Exercise objective.
From the line containing "Per uomo Abbigliamento" down to the final line of the entries below, quote every line verbatim. Exclude pictures.

--- Material shown Enclosed Below ---

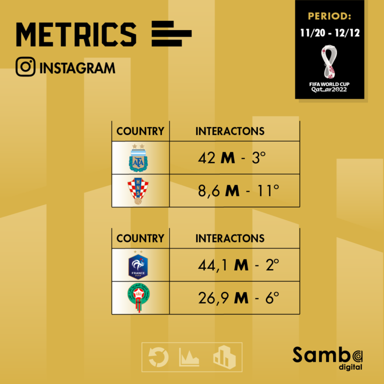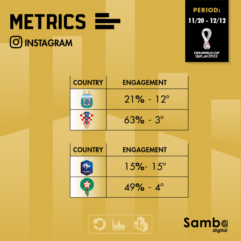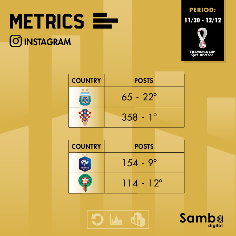 Keeping an eye on the performances of the 32 national teams on Instagram over the past 22 days, the standout remains the already-eliminated South Korea, who achieved an incredible engagement rate of 116%. Semifinalists Croatia and Morocco are also among the Top 5 most engaged profiles on Instagram.
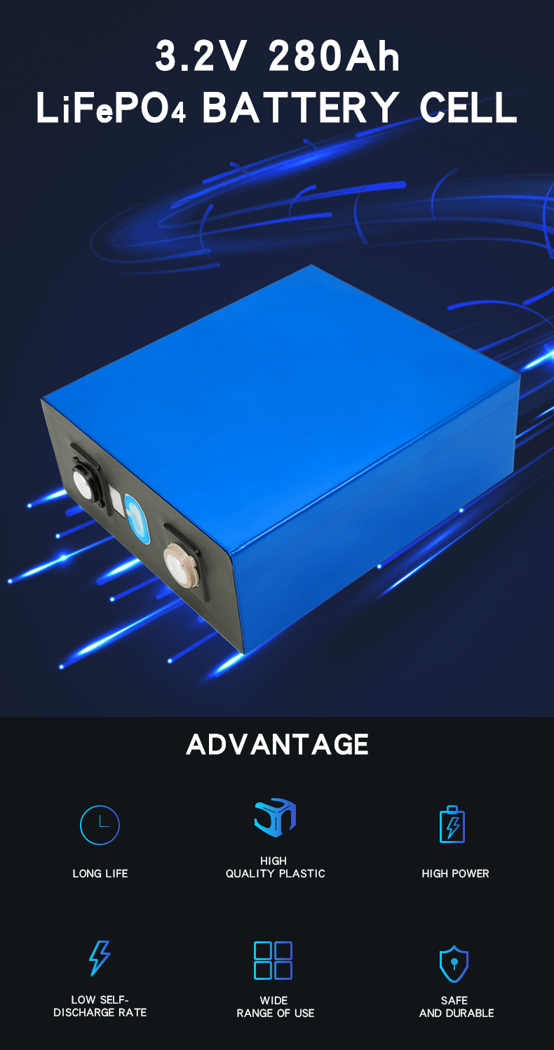 یہ UL مصدقہ 3.2V 280Ah LiFePO4 بیٹری سیل کے درج ذیل فوائد ہیں:
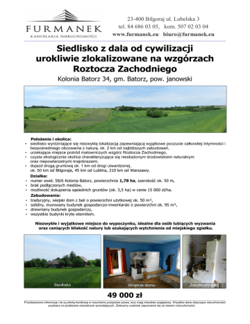 23-400 Biłgoraj ul. Lubelska 3 tel. 84 686 03 05, kom. 507 02 03 04 www.furmanek.eu [email protected] ________________________________________________________________________________________________________________________ Siedlisko z dala od cywilizacji urokliwie zlokalizowane na wzgórzach Roztocza Zachodniego Kolonia Batorz 34, gm. Batorz, pow. janowski • • • • • • • • • • • Położenie i okolica: siedlisko wyróżniające się niezwykłą lokalizacją zapewniającą wyjątkowe poczucie całkowitej intymności i bezpośredniego obcowania z naturą, ok. 2 km od najbliższych zabudowań, urzekające miejsce pośród malowniczych wzgórz Roztocza Zachodniego, czysta ekologicznie okolica charakteryzująca się nieskażonym środowiskiem naturalnym oraz niepowtarzalnymi krajobrazami, dojazd drogą gruntową ok. 1 km od drogi utwardzonej, ok. 50 km od Biłgoraja, 45 km od Lublina, 210 km od Warszawy. Działka: numer ewid. 58/6 Kolonia Batorz, powierzchnia 1,78 ha, szerokość ok. 50 m, brak podłączonych mediów, możliwość dokupienia sąsiednich gruntów (ok. 3,5 ha) w cenie 15 000 zł/ha. Zabudowania: tradycyjny, wiejski dom z bali o powierzchni użytkowej ok. 50 m², solidny, murowany budynek gospodarczo-inwentarski o powierzchni ok. 95 m², drewniany budynek gospodarczy, wszystkie budynki kryte eternitem. Niezwykłe i wyjątkowe miejsce do wypoczynku, idealne dla osób lubiących wyzwania oraz ceniących bliskość natury lub szukających wytchnienia od miejskiego zgiełku. • Siedlisko Wnętrze domu Zabytkowy piec 49 000 zł ____________________________________________________________________________________________________________________________________________________________________________________________ Przedstawione informacje nie są ofertą handlową w rozumieniu przepisów prawa, lecz mają charakter poglądowy. Wszelkie dane dotyczące nieruchomości uzyskano na podstawie oświadczeń sprzedających. Zalecamy osobiste zapoznanie się ze stanem nieruchomości.
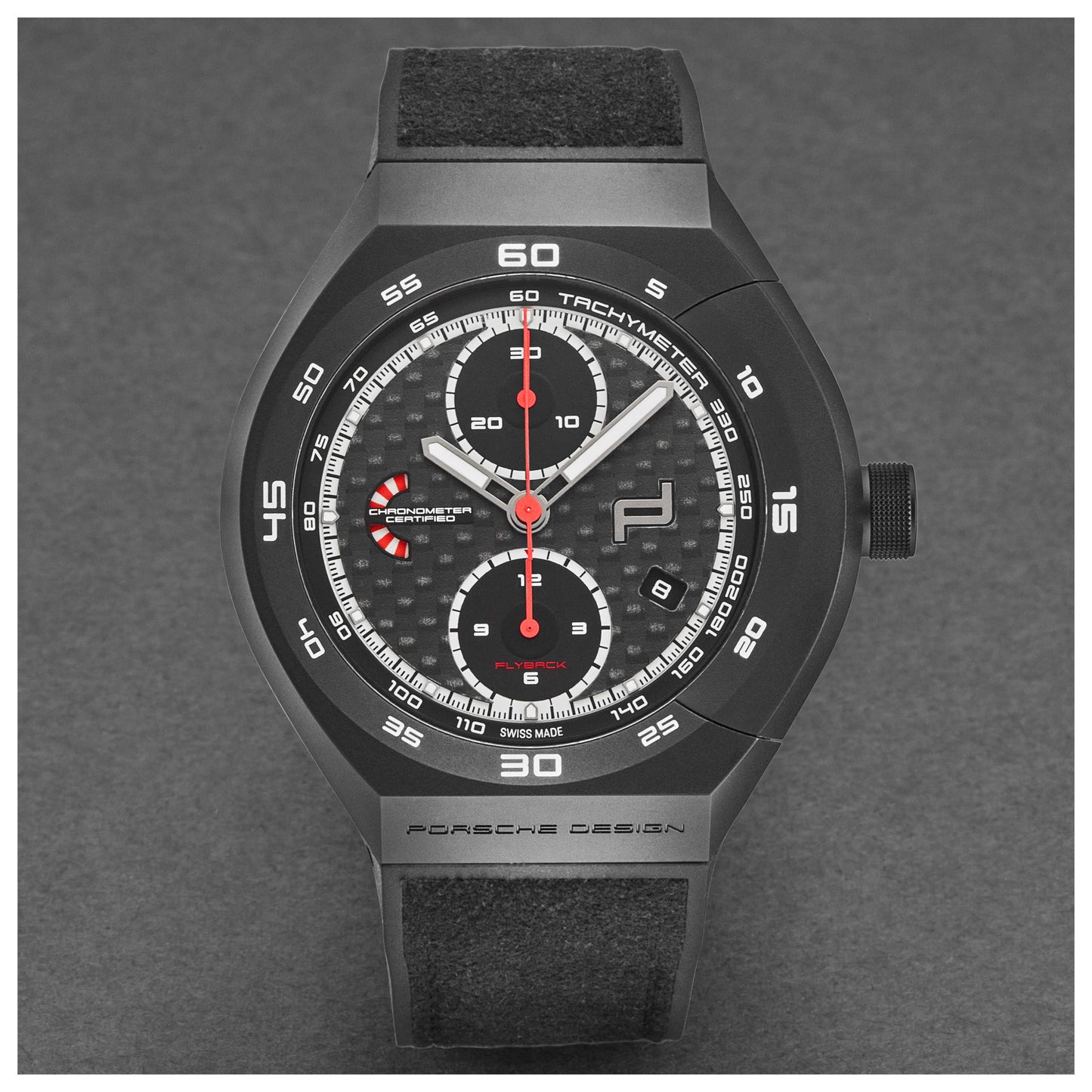 Introducing the Porsche Monobloc Actuator watch, a must-have for men who appreciate a blend of robust performance and sleek style. Made in Switzerland, this automatic timepiece showcases a stunning black dial encased in a 45.5mm titanium case. Protected by a scratch-resistant sapphire crystal and boasting an exhibition case back, it offers remarkable durability with a water resistance of up to 100m. Enhance your timekeeping with the chronograph feature and stay updated with the date display. The watch is complemented by a black rubber strap with a secure deployment clasp, enhancing the overall sophisticated appeal of this Swiss-made masterpiece. 6033.601009.062
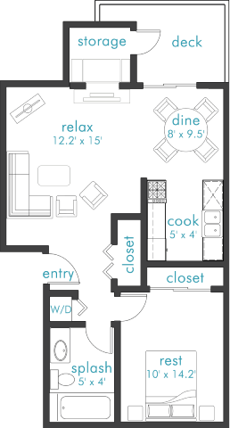 2 Beds, 1 Bath, 850 sq ftAvailable NowModel Gallery
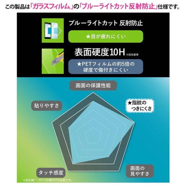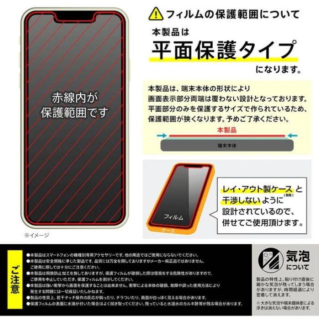 目の疲れを軽減/反射防止タイプ。レイ・アウト製ケース(別売)と一緒に使用しても干渉しない設計。通常のPETフィルムの約3倍以上の硬度で傷付きにくい。汚れをはじくコーティングで清潔な状態を保つ。ブルーライトを約40%軽減し、目の疲れを軽減。※iPhone 16 にはご利用いただけません。ご使用のスマートフォンの機種をお確かめの上、ご購入いただけますようお願いいたします。
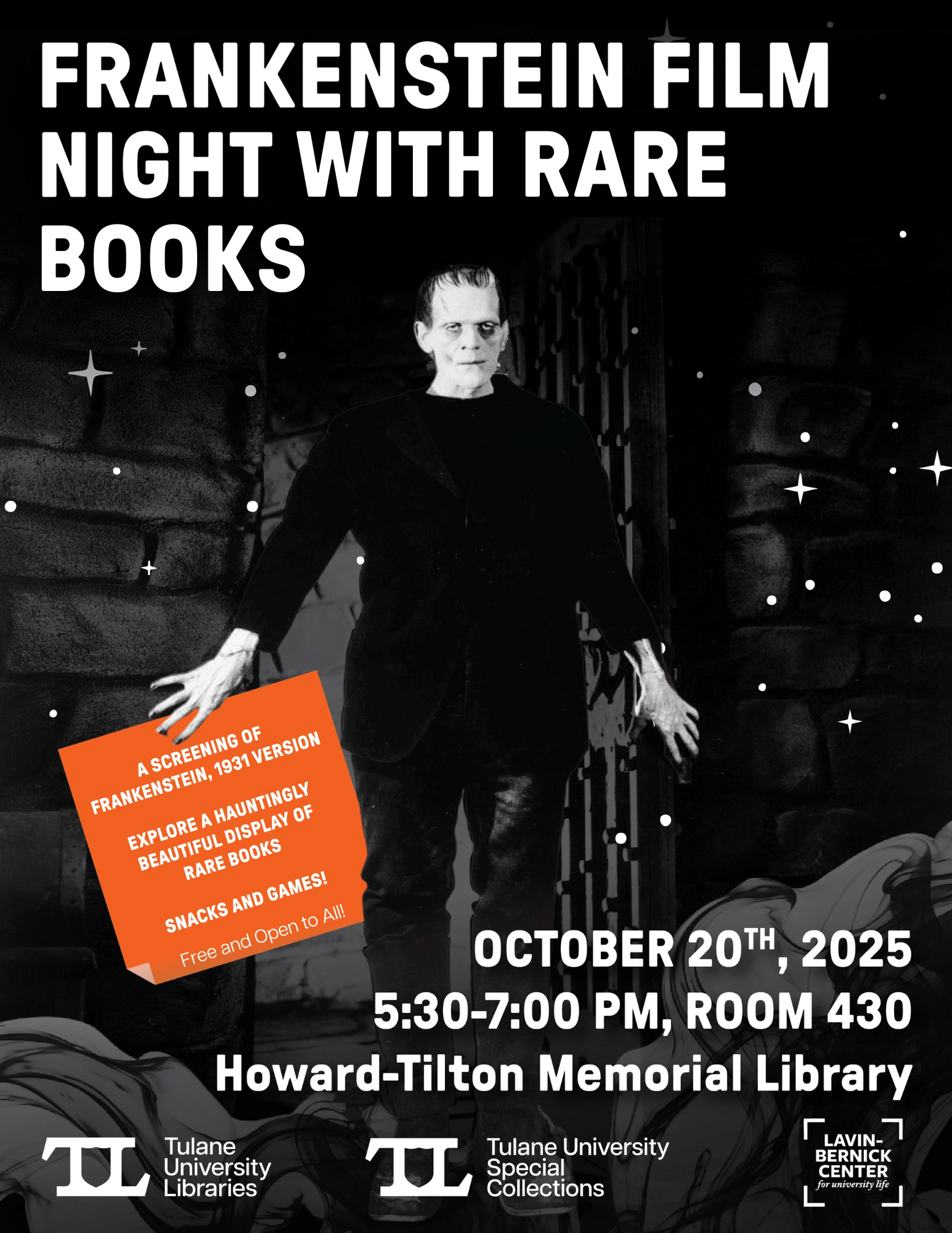 Sweet treats, monstrous books, and, of course, Frankenstein! Join Tulane University Libraries and Lavin-Bernick Center for University Life for this one-of-a-kind event. Come early at 5:30 to explore monstrous mysteries from the Rare Book Collections, then settle in for sweet treats and popcorn and a screening of movie that defined a genre: James Whale's 1931 Frankenstein.
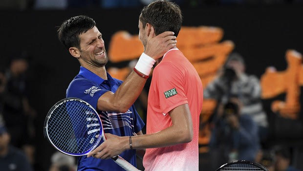 Serbia's Novak Djokovic is congratulated by Russia's Daniil Medvedev, right, after winning their fourth round match at the Australian Open tennis championships in Melbourne, Australia, Tuesday, Jan. 22, 2019. (AP Photo/Andy Brownbill) AP
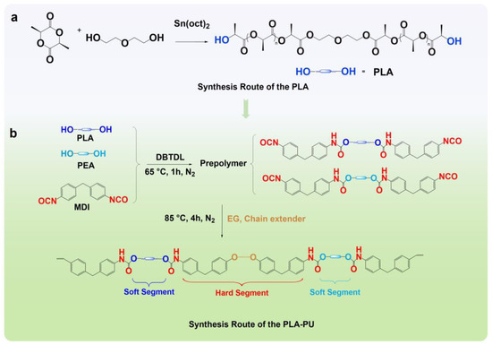(a) Synthesis route of PLA-OH. (b) Synthesis route of PLA-PUs from PLA-OH, PEA polyols, MDI and EG.
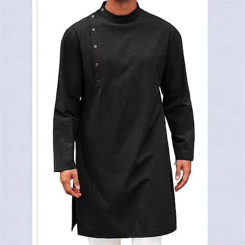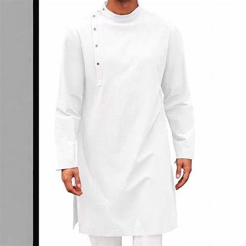 Per uomo Abbigliamento da Casa Camicia da Notte Semplice Elegante Comfort Casa Quotidiano Cotone Traspirante Collo alla coreana Manica Lunga Primavera Autunno Nero Bianco
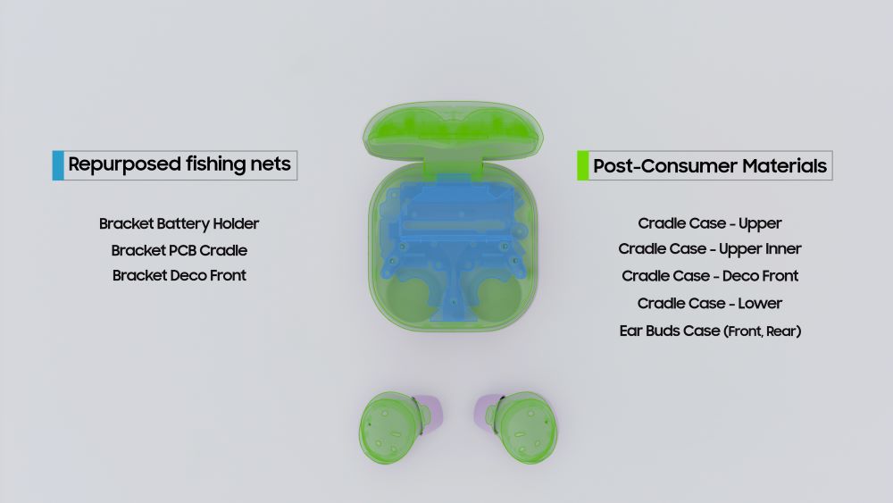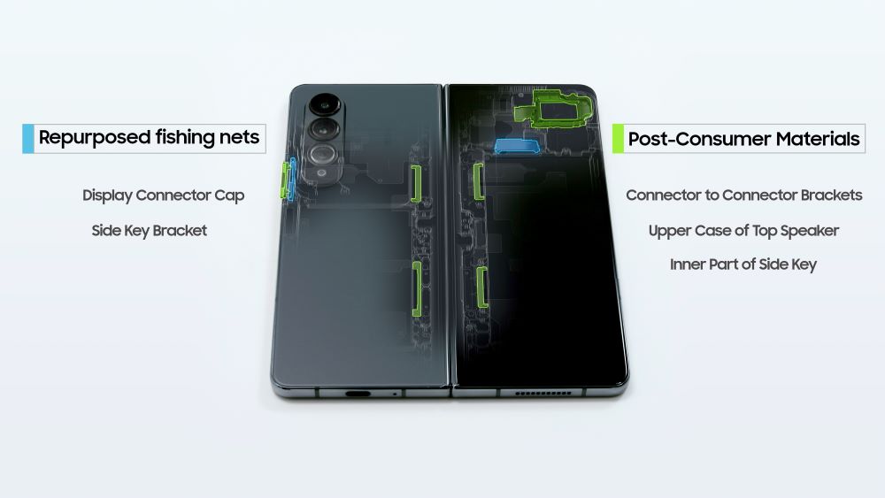 특히 ‘갤럭시 Z 폴드4’의 △사이드 키 브라켓 △디스플레이 커넥터 커버, ‘갤럭시 Z 플립4’의 △볼륨키 브라켓, ‘갤럭시 버즈2 프로’의 △배터리 장착부 브라켓 △크래들 PCB 장착부 브라켓 △내장기구 강성 보강 브라켓 등에는 폐어망을 재활용해 만든 소재가 적용됐다.

--- End of Enclosed Material shown ---

Result of the task.
 Per uomo Abbigliamento da Casa Camicia da Notte Semplice Elegante Comfort Casa Quotidiano Cotone Traspirante Collo alla coreana Manica Lunga Primavera Autunno Nero Bianco
 특히 ‘갤럭시 Z 폴드4’의 △사이드 키 브라켓 △디스플레이 커넥터 커버, ‘갤럭시 Z 플립4’의 △볼륨키 브라켓, ‘갤럭시 버즈2 프로’의 △배터리 장착부 브라켓 △크래들 PCB 장착부 브라켓 △내장기구 강성 보강 브라켓 등에는 폐어망을 재활용해 만든 소재가 적용됐다.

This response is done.